In this series of posts on talking to your children about the death of one close to them, there is one aspect that was not specifically covered : how should the death of an unbeliever be discussed? This is an important consideration. Dan posted the following comment on a previous post:
This post is very timely! My kids just lost their grandfather last week. I do not believe that he knew Christ. Any advice on dealing with this would be helpful and appreciated.
Let’s start with the reality that is the most important: the faithfulness of God. The faith of the psalmist in Psalm 46 is not based upon how a particular circumstance would turn out. His faith is in the living God. Even though devastating troubles have occurred, God is his refuge and strength. While this kind of faith will not change events or take away deep hurt, God is there to bring comfort and strength. Your strong belief in these realities—your reliance on God’s strength–can and will be a source of comfort to your children in troubling times.
The fact that matters above all else is that God is the true source of comfort. Circumstances cannot bring comfort. That is the place to begin in responding to Dan’s question. Our hope is in God’s faithfulness to us, not in the outcome of circumstances. Thus, when someone who is not a Christian dies, God is still God. God is still being faithful. He has not made a mistake. Rather than trusting in a particular outcome, we must entrust ourselves to the One who judges justly (1Peter 2:23). Losing a grandfather is difficult for children. If the grandfather died without knowing Christ, that is even more difficult.
When talking with children about this situation, it is God’s goodness that must be stressed. God was good before the grandfather died. He is good now. And he will be good tomorrow. This is the constant. Life is uncertain. God is not.
In this time of grief the focus must remain upon God and his goodness. Psalm 103 reminds us of how good God is.

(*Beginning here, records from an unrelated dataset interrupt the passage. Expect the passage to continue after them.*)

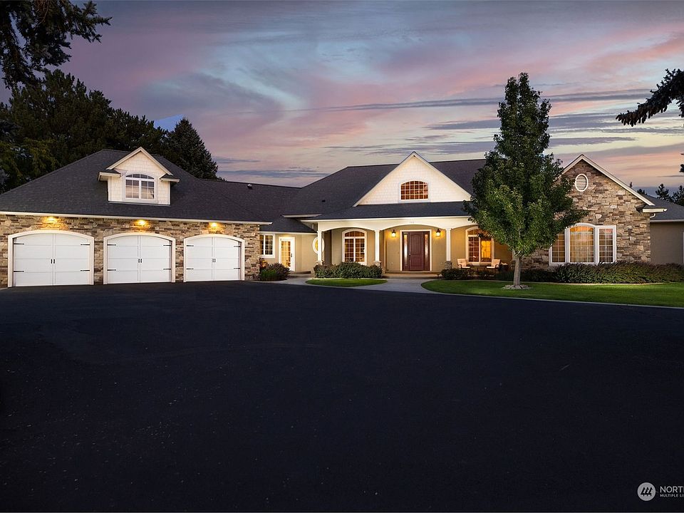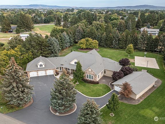 Premier Property on 1.72 acres in the coveted Grasslands neighborhood. Find serenity on the wind protected back patio with the expansive lawn surrounded by mature trees, a water feature, a sport court and garden space behind the separate shop building. The primary bedroom has double sided fireplace which can be enjoyed from the primary bathroom! There are 3 bedrooms on the main floor and a bonus room with closets above the 3 car garage which can be used as an additional bedroom if needed. There are four bathrooms, large pantry, an office and sun room next to the kitchen for an additional lounge area. Separate washer/dryer sets on each end of the home. This home has a warm feel and is designed with a comfortable flow throughout.
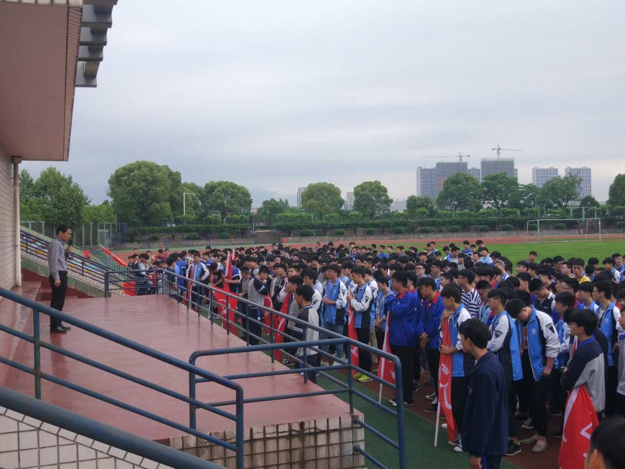春假结束回校的第一个周三,迎着太阳,机电技术系的全体同学在晨跑结束后,参加了在操场举行的升国旗仪式和每月一次的早评活动,早评由盛景东老师主持。
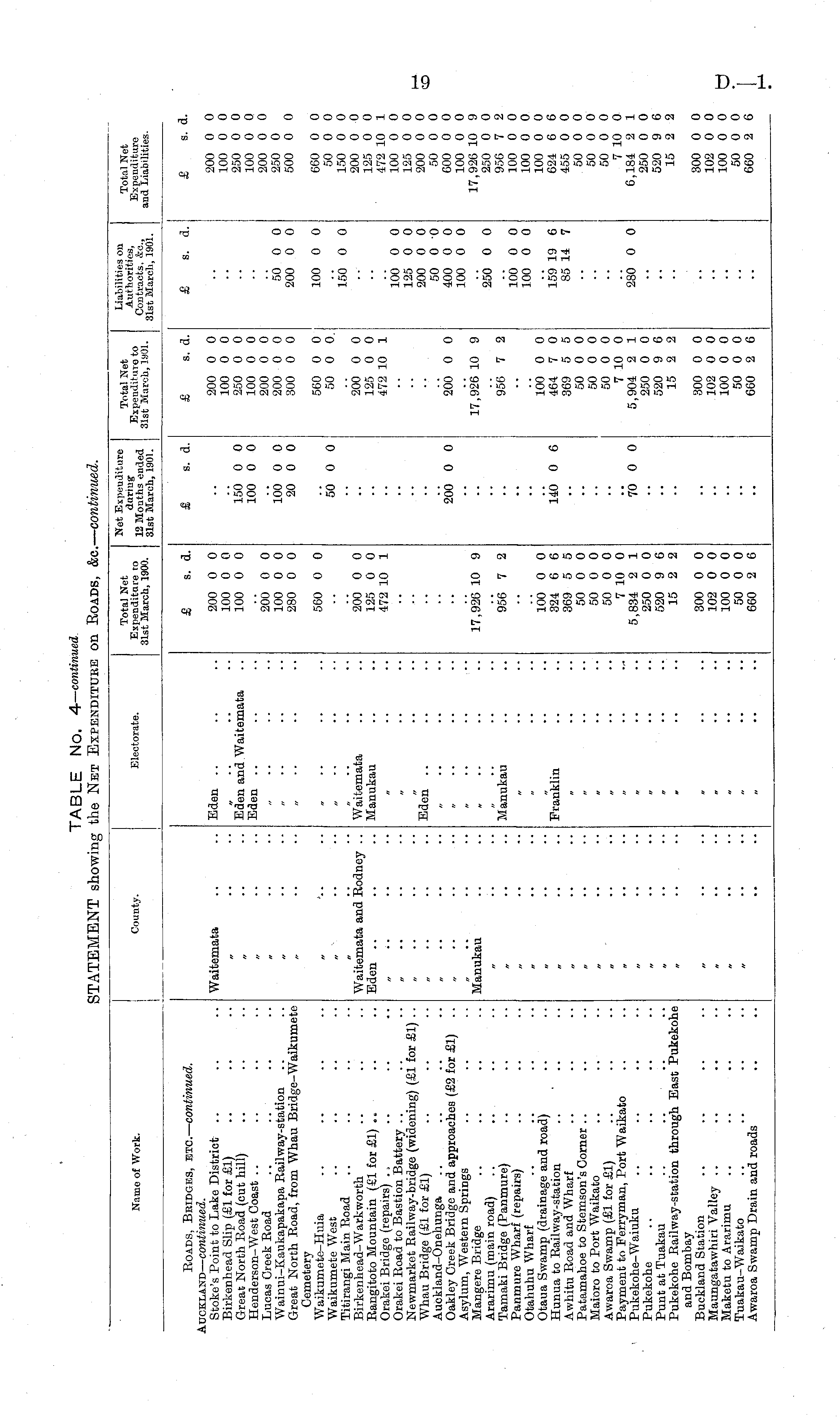 Name of Work. County. Electorate. Total Net Net Expenditure Total Net Liabilities on Total Net Expenditure to TO1 , In )h °° , , Expenditure to n™l™~Jti~ Expenditure 31st P March,1900. |LK*??90K «* M«oh, 1W1. and Liabilities. Roads, Bridges, etc. — continued. Auckland — continued. Stake's Point to Lake District Birkenhead Slip (£1 for £1) Great North Road (out hill) Henderson-West Coast Lucas Greek Road Wainui-Kaukapakapa Railway-station Great North Road, from Whau Bridge-Waikumete Cemetery Waikumete-Huia Waikumete West Titirangi Main Road Birkenhead-Warkworth Rangitoto Mountain (£1 for £1) Orakei Bridge (repairs) Orakei Road to Bastion Battery Newmarket Railway-bridge (widening) (£1 for £1) .. Whau Bridge (£1 for £1) Auckland-Onehunga Oakley Creek Bridge and approaches (£2 for £1) Asylum, Western Springs Mangere Bridge Ararimu (main road) .. .. .. Tamaki Bridge (Panmure) Panmure Wharf (repairs) Otahuhu Wharf Otaua Swamp (drainage and road) Hunua to Railway-station Awhitu Road and Wharf Patamahoe to Stemson's Corner Maioro to Port Waikato Awaroa Swamp (£1 for £1) Payment to Ferryman, Port Waikato Pukekohe-Waiuku Pukekohe Punt at Tuakau Pukekohe Railway-station through East Pukekohe and Bombay Buckland Station Maungatawhiri Valley .. Maketu to Ararimu Tuakau-Waikato Awaroa Swamp Drain and roads £ s. d. & s. d. £ s. d. £ s. d. £ s. d. Waitemata Eden Eden and Waitemata Eden 200 0 0 100 0 0 100 0 0 200 0 0 100 0 0 280 0 0 150 0 0 100 0 0 200 0 0 100 0 0 250 0 0 100 0 0 200 0 0 200 0 0 300 0 0 200 0 C 100 0 C 250 0 C 100 0 C 200 0 C 250 0 500 0 C 100 0 0 20 0 0 50 0 0 200 0 0 560 0 0 50 0 0 560 0 0 50 0 0. 100 0 0 660 0 C 50 0 C 150 0 C 200 0 C 125 0 C 472 10 1 100 0 C 125 0 C 200 0 C 50 0 C 600 0 C 100 0 C 17,926 10 S 250 0 C 956 7 2 100 0 C 100 0 C 100 0 0 624 6 6 455 0 C 50 0 0 50 0 C 50 0 C 7 10 C 6,184 2 1 250 0 C 520 9 6 15 2 2 150 0 0 Waitemata and Rodney .. Eden .. Waitemata Manukau 200 0 0 125 0 0 472 10 1 200 0 0 125 0 0 472 10 1 Eden 100 0 0 125 0 0 200 0 0 50 0 0 400 0 0 100 0 0 200 0 0 200 0 0 Manukau 17,926 10 9 17,926 10 9 250 0 0 Manukau 956 7 2 956 7 2 100 0 0 100 0 0 Franklin 100 0 0 324 6 6 369 5 5 50 0 0 50 0 0 50 0 0 7 10 0 5,834 2 1 250 0 0 520 9 6 15 2 2 140 0 6 100 0 0 464 7 0 369 5 5 50 0 0 50 0 0 50 0 0 7 10 0 5,904 2 1 250 0 0 520 9 6 15 2 2 159 19 6 85 14 7 TO 0 0 280 0 0 300 0 0 102 0 0 100 0 0 50 0 0 660 2 6 300 0 0 102 0 0 100 0 0 50 0 0 660 2 6 300 0 C 102 0 C 100 0 C 50 0 C 660 2 6
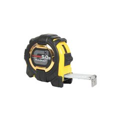 Gancho magnético reforzado. Caja polipropileno con recubrimiento de elastómero antideslizante. Cinta acero esmaltado blanco con revestimiento antireflejos. Clip de sujeción y botón de bloqueo. Homologado CE, clase de precisión II. 5 m. Cinta 27 mm.

Verses 17-23 speak specifically of God’s love for his people.
But from everlasting to everlasting
the LORD’s love is with those who fear him,
and his righteousness with their children’s children-
with those who keep his covenant
and remember to obey his precepts.
The LORD has established his throne in heaven,
and his kingdom rules over all.
Praise the LORD, you his angels,
you mighty ones who do his bidding,
who obey his word.
Praise the LORD, all his heavenly hosts,
you his servants who do his will.
Praise the LORD, all his works
everywhere in his dominion.
Praise the LORD, O my soul.
These words are designed by the Holy Spirit to bring comfort and hope to God’s people regardless of the circumstances. These words bring hope even when someone close to us who didn’t know Christ has died. As we saw in the last post, gratitude is always the appropriate response of God’s people. While there is great sadness in the death of one who did not trust Christ, there is even greater hope and comfort in constant goodness of God.
In this situation it is important not to give false hope to children (or to yourself) by saying things like , “We don’t really know that Grandpa didn’t repent at the last moment; maybe he is with God after all.” While this statement may sometimes apply, it still focuses on the outcome of the circumstance as the basis of comfort, rather than on the goodness of God. God is worthy of praise in all things. We don’t know the actions and state of the heart of others, but we do know the goodness of God is certain. I believe that this is what Deuteronomy 29:29 is teaching.
The secret things belong to the LORD our God, but the things revealed belong to us and to our children forever, that we may follow all the words of this law.
The outcome of those who die falls into the secret things of God. These matters belong ultimately to him. But the things that he has revealed in his Word belong to us and to our children. What is certain is that God is worthy of praise, honor and worship in all circumstances, for one significant reason–he is God! Yes, the loss of loved ones who don’t know God is painful. But God is faithful. He is the God of all comfort, even when the pain of loss seems insurmountable. There is a day coming–beyond our present comprehension–when God will wipe away all tears from our eyes.
An important life lesson that we all need to embrace is this: do not judge God’s faithfulness on the basis of circumstances. The world deals with death by attempting to ignore the reality of heaven and hell. Christians can face death knowing that God is good and that Christ has paid the awful penalty that we deserve. That is the reality that brings peace and comfort. In difficult times, turn to Christ. Trust in his steadfast care for you. This is the message of hope to give to your children. Urge them to seek the goodness of God for themselves. This is the time to present the message of the gospel once again to your children. Pray with your children that they will know the peace of that passes understanding – the peace that only Christ can give.
I want to thank Dan for his comment and the opportunity to respond to his concerns. Please let us know your thoughts and comments as well.